2. Aggressively Use the Opportunities the Stellarator Offers to Maintain Our Position as a Valued International Partner in Fusion Research. A national facility built utilizing existing resources would allow tests of an innovative stellarator concept with energetic ions, moderate (keV) temperatures, relevant betas (few percent range) and lower collisionality instead of the electron-dominated physics accessible in a small experiment. It would serve to focus U.S. stellarator research efforts and maintain the mix of skills needed if we wish to be competitive in this area in the future. An example could be Garabedian's two-field period modular quasi-toroidal stellarator with an aspect ratio of 4.5 and particle drift orbits and neoclassical transport similar to that of a tokamak [71]. The options range from an NSTX-scale experiment at about 20 M$/yr to a high performance but short-pulse stellarator using the TFTR site at a cost of approximately 40M$/yr.

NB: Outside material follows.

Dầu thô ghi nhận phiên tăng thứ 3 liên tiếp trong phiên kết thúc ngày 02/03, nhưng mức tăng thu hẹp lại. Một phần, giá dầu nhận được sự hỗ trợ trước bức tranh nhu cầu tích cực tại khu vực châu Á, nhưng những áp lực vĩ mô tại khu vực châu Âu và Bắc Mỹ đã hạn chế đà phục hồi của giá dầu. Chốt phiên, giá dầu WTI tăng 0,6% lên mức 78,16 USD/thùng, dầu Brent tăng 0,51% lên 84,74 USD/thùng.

Question C: What is the potential impact of research on this concept? (4 parts)

Question C1: What is the potential impact of research on this concept on increasing our knowledge of general plasma physics?

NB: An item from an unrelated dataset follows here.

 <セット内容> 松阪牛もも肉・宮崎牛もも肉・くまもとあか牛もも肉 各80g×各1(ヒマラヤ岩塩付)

Stellarator research has driven the development of 3-D plasma physics. The theoretical techniques that have been developed have application over a far broader range of physics than just fusion. Three examples are given below.

(i) The drift Hamiltonian theory developed for stellarators says particle drift orbits depend funda-mentally on only the magnetic field strength [19]. The most remarkable implication is quasi-helical symmetry [36] in which the drift Hamiltonian has a continuous symmetry and a conserved component of the canonical momentum even though the exact Hamiltonian has no symmetry directions. Experiments on quasi-helical symmetry, such as HSX [37], test this remarkable property of the drift equation. An important application of the drift Hamiltonian technique has been made to electron orbits in a terrella experiment [76], which is designed study the physics of the earth's radiation belts.

(ii) As part of stellarator research, the magnetic field trajectories were shown to be given by a Hamiltonian of one and a half degrees of freedom [19]. Two results are (a) a simple mathematical structure for studying topology changes in the field lines and (b) new techniques for establishing action-angle variables (magnetic coordinates) for Hamiltonians of one and a half degrees of freedom. Magnetic topology issues play a major role in the interaction of interplanetary and the terrestrial magnetic field as well as the magnetic fields of the solar corona. The same Hamiltonian techniques that were developed for field lines in stellarators apply to vortex lines in fluids and flux tubes in superconductors.

(iii) The drift kinetic equation is not self-adjoint. The DKES code developed for determining stellarator neoclassical coefficients extended the well-known extremizing techniques for solving self-adjoint equations to the drift kinetic equation [40].

Question C2: What is the potential impact of research on this concept on increasing our knowledge of fusion plasma physics (of this concept as well physics of other confinement concepts)?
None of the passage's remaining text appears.